物価高にも負けない…「フラット35」の隠れたメリット
「フラット35」は、借り入れ当初から全期間にわたって固定金利の住宅ローンです。金利が固定されているということは、毎月の返済額が完済時まで変わりません。これは、家計を管理するうえで大きなメリットです。
昨今は著しい物価高に見舞われ、電気料金が月10万円を超えた家庭もあります。このように、社会情勢に変化があっても住宅ローンの返済額に変化がないというのは、強い安心感があります。
フラット35と聞くと、「金利が高い」とイメージする方も多いでしょう。たしかに、変動金利と比べるとフラット35の金利は高めに設定されています。そのため、「金利が低いから変動金利がいい!」と安易に考えてしまいがちですが、実は目先の比較では気づかないフラット35のメリットがあるのです。
それは、建物の「要件」の部分です。2023年4月から制度が改定され、フラット35を利用できる建物の要件が厳しくなります。これまで「断熱等性能等級2相当以上」とされていたものが、「断熱等性能等級4以上」になるのです。したがって、性能が低い建物では、フラット35を利用することができません。
これはつまり、「フラット35を利用できる家=断熱性能が高く光熱費が低く抑えられ、長寿命で建て替えの不安がない」という意味になります。フラット35を利用して住宅ローンを組めば、単純な金利の比較だけでは見えてこない「ランニングコスト」が低く抑えられるでしょう。さらに、「ZEH(ネット・ゼロ・エネルギー・ハウス)」の場合は金利の引き下げもあります。

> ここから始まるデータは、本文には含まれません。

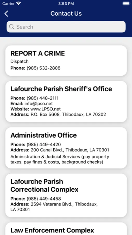 The Lafourche Parish Sheriff’s Office mobile application is an interactive app developed to help improve communication with area residents. The Lafourche Parish Sheriff App allows residents to connect with the Lafourche Parish Sheriff’s Office by reporting crimes, submitting tips, and other interactive features, as well as providing the community the latest public safety news and information.
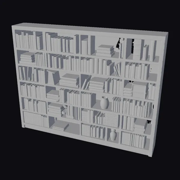 Perched against a plain backdrop, this stunning wooden bookshelf takes center stage, showcasing its impressive collection of books and decorative items. The bookshelf’s light wood tone provides a warm and inviting base for the rainbow of books that fill its shelves, ranging from neatly stacked volumes to casually placed tomes. A few decorative items, such as small vases, add a touch of elegance to the overall design. The intricate details of the bookshelf, including the texture of the wood and the subtle shadowing, create a highly realistic appearance. This 3D model is perfect for use in interior design projects, architectural visualizations, or as a unique prop in game development, 3D printing, or animation.
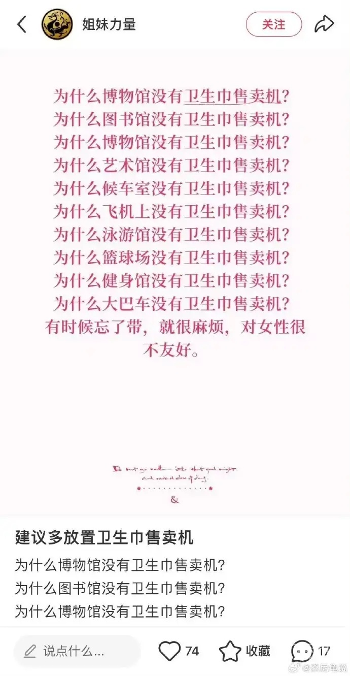 提这个女人真他妈作,哪个女的没包?包里自己不会备几个
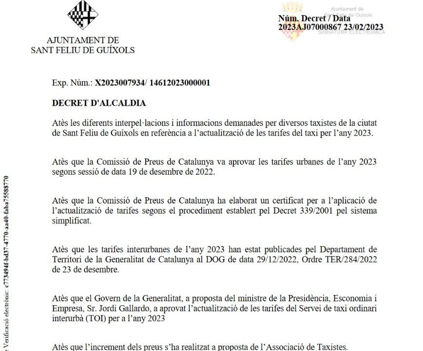 El decret, a més fixa unes tarifes que no es corresponen amb les de Sant Feliu de Guíxols ja que són les d'Andorra. El fet ha causat lògicament tot tipus de comentaris i ha ocupat un espais destacats en la premsa local i en la catalana com ara El Punt Avui. És cert que a la Costa Brava hi ha un bon nombre d'andorrans que hi tenen una segona residència i que una de les personalitats amb xalet a Sant Feliu de Guíxols,des de fa molts anys, és la resident Carmen Cervera però d'aquí a que un ministre andorrà autoritzi un canvi de tarifes del servei de taxi hi ha un món.
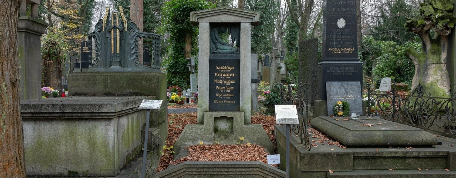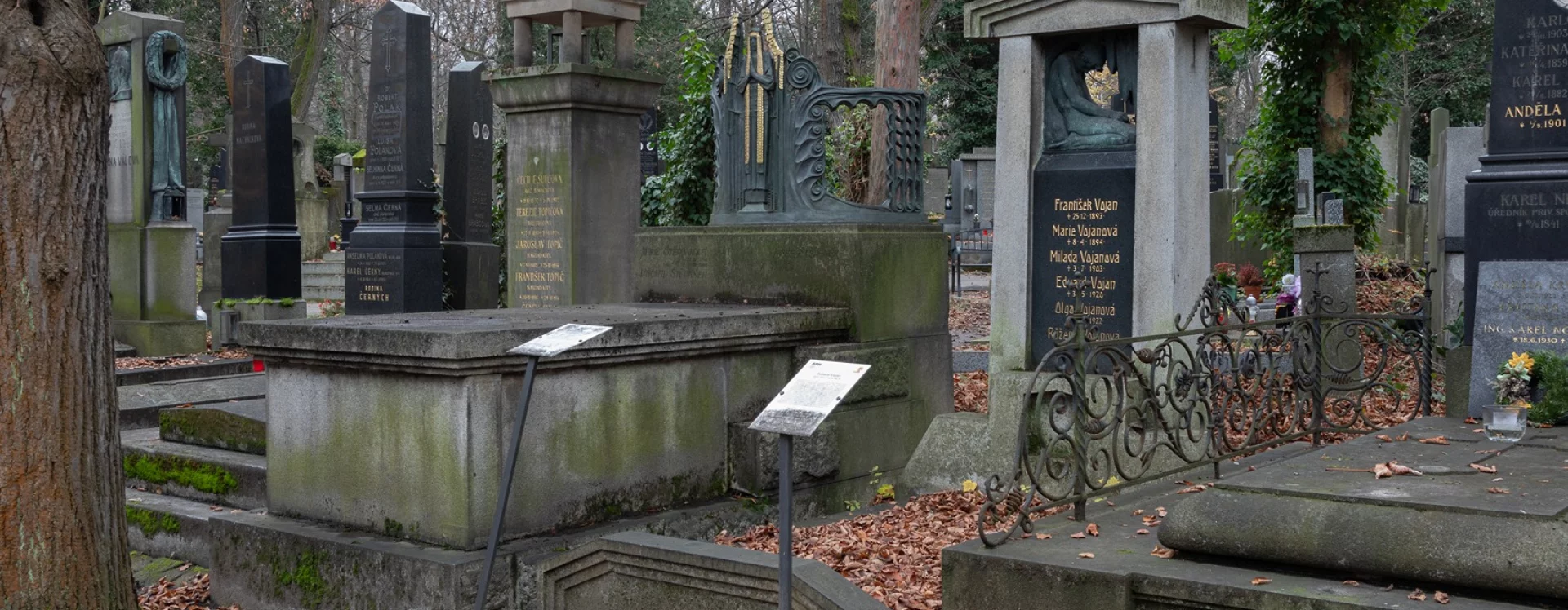 Just a few months after completing a monument for the popular actor Slukov and almost right next to his grave, the same creative duo – architect Jan Kotěra and sculptor Stanislav Sucharda – produced a grave monument for another legendary actor of the National Theatre, Eduard Vojan. It is of an entirely different design, however, among other things because it was not erected to commemorate the actor himself; instead, Vojan commissioned the memorial for his deceased three-year-old daughter Milada. Since the inscription tablet was later replaced, this fact is no longer apparent, and so the monument is generally perceived as being dedicated to Eduard Vojan.
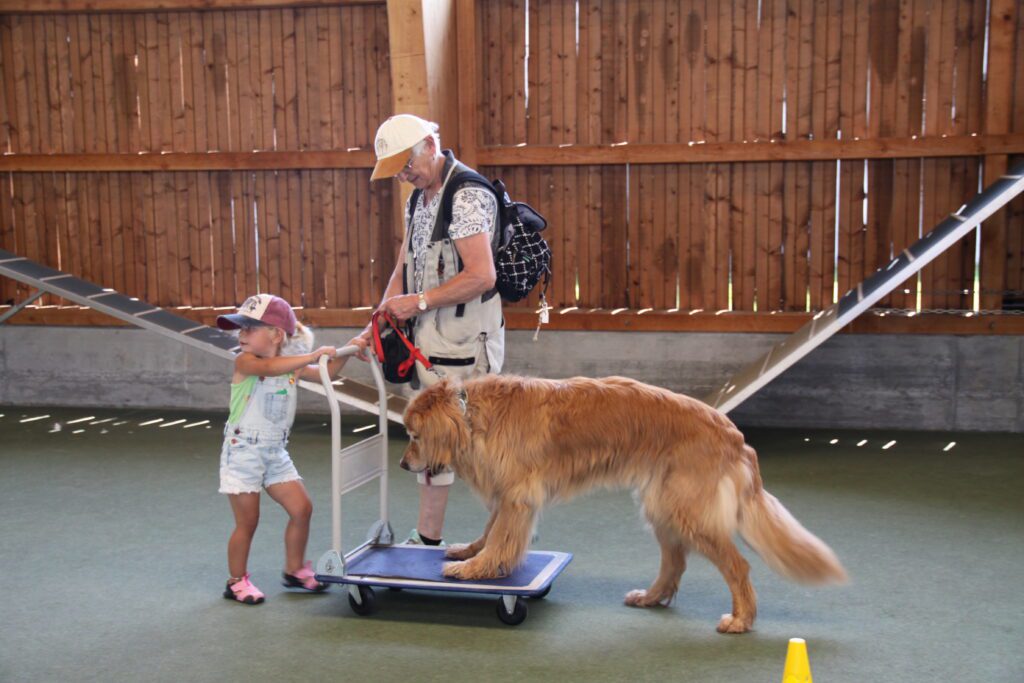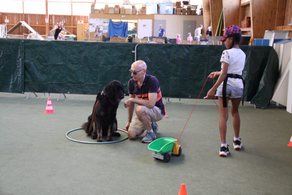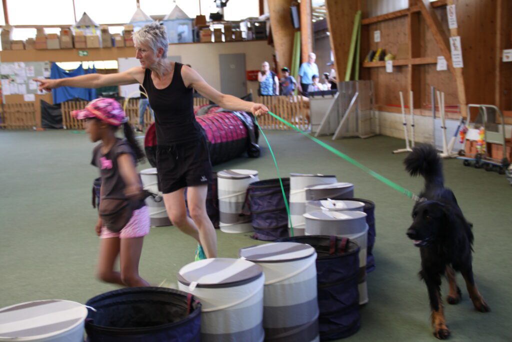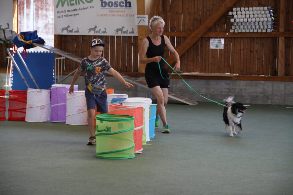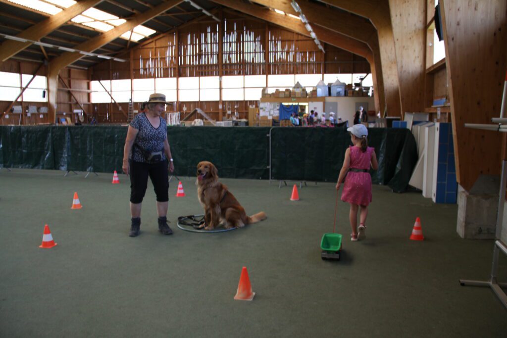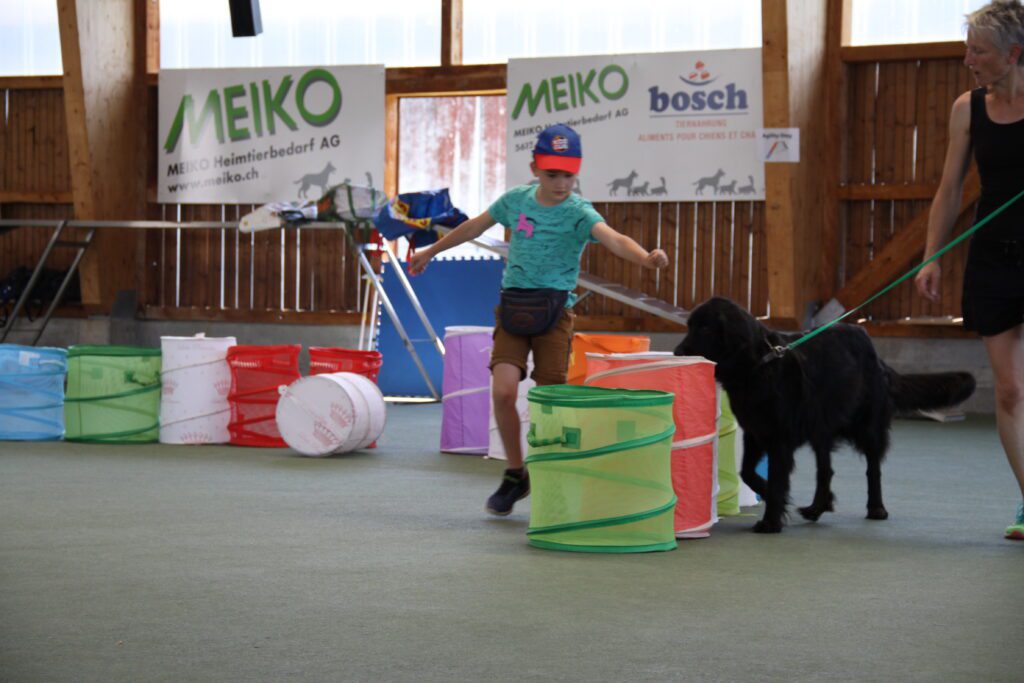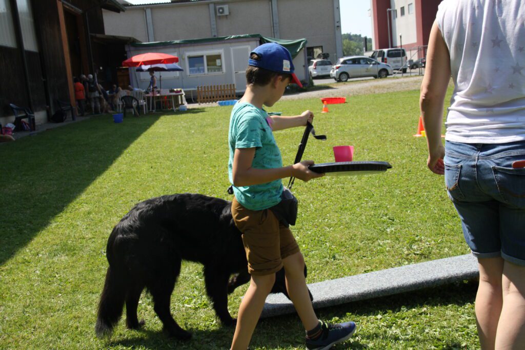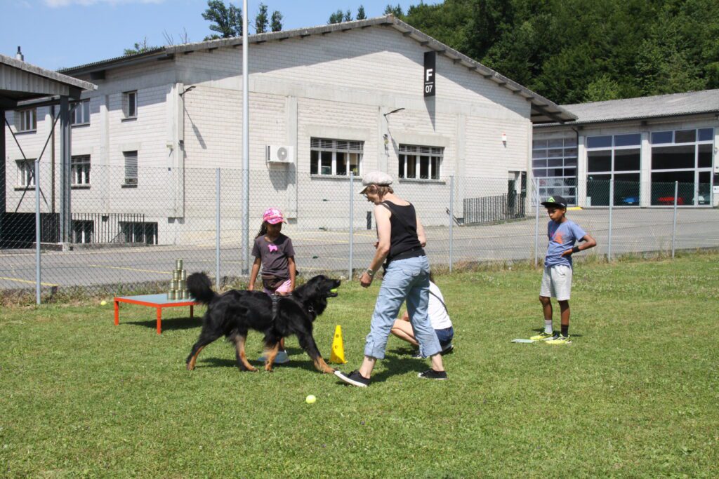 Zahlreiche Posten mit teils kniffligen Aufgaben forderten die Teams heraus: Geschicklichkeit, Phantasie und "Mut" waren gefragt, um die Aufgaben zu meistern. Beim Büchsen-Werfen und beim «Schwertransport», bei welchem der Hund in einem Hulahop-Ring sitzen bleiben musste, währenddem die Kinder mit einem mit Würstchen beladenen Spielzeuglastwagen manövrierten, ging es um die Impulskontrolle. Ihre vorzügliche Nase konnten die Hunde beim Suchen von Keksen, die in einer Muffinform unter Tennisbällen versteckt waren, unter Beweis stellen. Aber auch beim Suchen von in der Wiese verteilten Hölzli war Nasenarbeit gefragt, das Lösungswort aus Buchstabensalat A-O-H-W-R-A-V-T zu bilden, war dann aber Aufgabe der Kinder. Für etwas Abkühlung sorgte das Würstli-Fischen aus dem Wasser und das Abschiessen von Bechern mit einer Wasserpistole. Eine echte Herausforderung war der Schlittenhund-Posten, bei welchem für die Hunde auf einem Plattformwagen sitzend durch einen Slalom gefahren werden mussten. Da die Sitzfläche für die grossen Rüden eher knapp bemessen war, hatte der eine oder andere sichtlich Mühe sich hinzusetzen – die herunterhängenden Rute putzte dann auch gleich noch den Boden.

フラット35のデメリットとしてよく語られる「金利の高さ」ですが、このように金利変動のリスクやランニングコストを含めて「変動金利」と「固定金利」を比較してみると、固定金利型のフラット35が不利とは決して言い切れません。
住宅購入時、複数の住宅メーカーを比較する際には、その家の性能だけでなく「ランニングコスト」を重視してみてはいかがでしょうか。